Além da precarização do trabalho, o documento mostra que os clientes também são prejudicados com o pagamento de altas tarifas que não condizem com um atendimento de qualidade, como a falta de funcionários, filas e quebra do sigilo bancário. São paresentados extratos bancários das contas de Xuxa Meneguel e o de Luis Felipe Scolari como provas do vazamento de informação. É uma forma de denunciar as facilidades de obter acesso a informações bancárias quando os serviços de dados sigilosos são transferidos a empresas terceirizadas.

Amantes do trabalho

Na Universidade de Brasília (UnB), pesquisadores usam o termo worklover em contraposição a expressão workaholic, mostrando que há pessoas, mesmo com jornadas longas e pesadas, cuja relação com o serviço é prazerosa. O Laboratório de Psicologia do Trabalho da UnB vem estudando há anos a relação entre trabalho e prazer e quer desmistificar a crença disseminada de que quem trabalha muito e tem uma rotina pesada é, necessariamente, workaholic. O termo em inglês é usado para identificar aqueles tão viciados em trabalho, que acabam afetando de modo negativo todos os outros aspectos da vida. E outras definições – como estresse, síndrome do pânico, LER – surgiram e viraram moda. “Todo mundo que trabalha muito é tachado de workaholic, quando a realidade não é só essa”, afirma o professor Wanderley Codo, coordenador do laboratório, que desde 1995 funciona no Instituto de Psicologia. Os integrantes do laboratório – que reúne professores de diversos cursos da UnB, além de psicólogos, médicos, especialistas em ergonomia e demais interessados no tema – propõem o uso de um segundo termo, worklover, que não anula a existência e definições do primeiro. Porém, ele caracteriza um grande número de pessoas, cuja relação com o trabalho é altamente prazerosa.
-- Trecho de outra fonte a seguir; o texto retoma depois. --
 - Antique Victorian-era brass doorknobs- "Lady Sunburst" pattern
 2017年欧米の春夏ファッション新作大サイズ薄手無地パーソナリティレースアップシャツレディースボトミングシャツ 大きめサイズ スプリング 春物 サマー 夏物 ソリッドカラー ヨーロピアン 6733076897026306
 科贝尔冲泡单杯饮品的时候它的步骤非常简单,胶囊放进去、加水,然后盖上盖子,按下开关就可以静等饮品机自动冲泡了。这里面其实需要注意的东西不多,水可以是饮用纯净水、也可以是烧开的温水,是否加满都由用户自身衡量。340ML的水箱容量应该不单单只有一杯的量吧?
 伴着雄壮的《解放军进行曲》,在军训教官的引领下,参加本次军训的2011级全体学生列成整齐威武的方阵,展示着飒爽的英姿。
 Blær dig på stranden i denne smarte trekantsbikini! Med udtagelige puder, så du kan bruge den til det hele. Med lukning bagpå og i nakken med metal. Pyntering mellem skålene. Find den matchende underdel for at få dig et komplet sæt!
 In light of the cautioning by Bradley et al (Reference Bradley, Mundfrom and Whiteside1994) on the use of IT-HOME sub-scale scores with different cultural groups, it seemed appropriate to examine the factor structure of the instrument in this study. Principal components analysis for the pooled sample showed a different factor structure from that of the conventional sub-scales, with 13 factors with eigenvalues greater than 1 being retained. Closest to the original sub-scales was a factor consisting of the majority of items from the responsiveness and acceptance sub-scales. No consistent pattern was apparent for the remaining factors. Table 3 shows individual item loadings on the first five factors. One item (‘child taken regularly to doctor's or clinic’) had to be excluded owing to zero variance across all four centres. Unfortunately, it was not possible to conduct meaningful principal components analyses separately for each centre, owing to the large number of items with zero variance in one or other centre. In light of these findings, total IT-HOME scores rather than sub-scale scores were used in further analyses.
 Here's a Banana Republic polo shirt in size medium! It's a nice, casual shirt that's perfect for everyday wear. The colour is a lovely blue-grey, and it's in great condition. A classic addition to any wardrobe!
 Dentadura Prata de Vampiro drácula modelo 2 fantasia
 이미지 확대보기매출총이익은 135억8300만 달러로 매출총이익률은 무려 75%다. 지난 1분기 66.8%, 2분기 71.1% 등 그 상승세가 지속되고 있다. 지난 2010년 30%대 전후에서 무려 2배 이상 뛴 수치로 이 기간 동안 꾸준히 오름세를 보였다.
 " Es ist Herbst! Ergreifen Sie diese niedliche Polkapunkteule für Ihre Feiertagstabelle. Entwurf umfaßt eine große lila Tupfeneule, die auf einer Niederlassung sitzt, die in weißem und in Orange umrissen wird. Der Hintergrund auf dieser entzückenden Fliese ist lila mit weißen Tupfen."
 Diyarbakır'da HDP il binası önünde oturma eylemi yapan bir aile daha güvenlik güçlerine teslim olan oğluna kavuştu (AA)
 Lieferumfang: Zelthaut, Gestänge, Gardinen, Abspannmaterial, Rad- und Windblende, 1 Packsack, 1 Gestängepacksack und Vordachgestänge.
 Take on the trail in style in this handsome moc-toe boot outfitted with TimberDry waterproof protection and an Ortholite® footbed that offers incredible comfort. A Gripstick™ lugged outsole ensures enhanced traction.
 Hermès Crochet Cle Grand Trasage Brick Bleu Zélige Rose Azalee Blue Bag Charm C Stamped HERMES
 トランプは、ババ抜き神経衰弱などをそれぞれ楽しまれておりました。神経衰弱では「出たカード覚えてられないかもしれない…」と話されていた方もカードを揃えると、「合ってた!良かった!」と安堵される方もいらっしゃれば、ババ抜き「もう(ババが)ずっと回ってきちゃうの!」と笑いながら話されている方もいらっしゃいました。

Além disso, os worklovers conseguem tempo para a família e amigos e não estariam utilizando o trabalho para fugir dos problemas cotidianos.

Presidente no feminino

O Chile é um país tradicionalmente conservador, onde a violência doméstica ainda é comum e as mulheres ganham muito menos do que os homens. Mesmo assim, a corrida presidencial tem duas candidatas na liderança. Parece certo, até agora, que os chilenos terão sua primeira presidente nas eleições deste ano. As pesquisas mostram que Michelle Bachelet e Soledad Alvear estão muito à frente dos rivais para suceder Ricardo Lagos depois das eleições de 12 de dezembro. Para Alvear, ainda há algumas atitudes machistas no país, mas as pesquisas mostram que uma mudança cultural vem ocorrendo. Para o cientista político Angeles Fernandez, da Universidade Diego Portales, as mulheres são vistas no Chile como mais honestas, mais democráticas e mais preocupadas com os pobres. O Congresso chileno vem aprovando leis que aumentam os direitos das mulheres. A mais recente torna ilegal o assédio sexual em ambiente de trabalho. Bachelet, 52, é membro do Partido Socialista, assim como Lagos e Salvador Allende, o presidente derrubado por Pinochet em 1973. Filha de um brigadeiro que foi preso e torturado por se opor ao regime de Pinochet, ela e sua mãe também foram para a prisão antes de serem forçadas a ir para o exílio. Ela diz, entretanto, que não guarda mágoas dos militares. Alvear, 54, filiada ao Partido Democrata Cristão, é uma advogada com uma extensa folha de serviços, sendo a primeira ministra de Assuntos da Mulher e, como ministra da Justiça, implementou a modernização do sistema judiciário. Como chanceler, negociou com sucesso os acordos de livre comércio com os Estados Unidos, União Européia, Coréia do Sul, Canadá e México.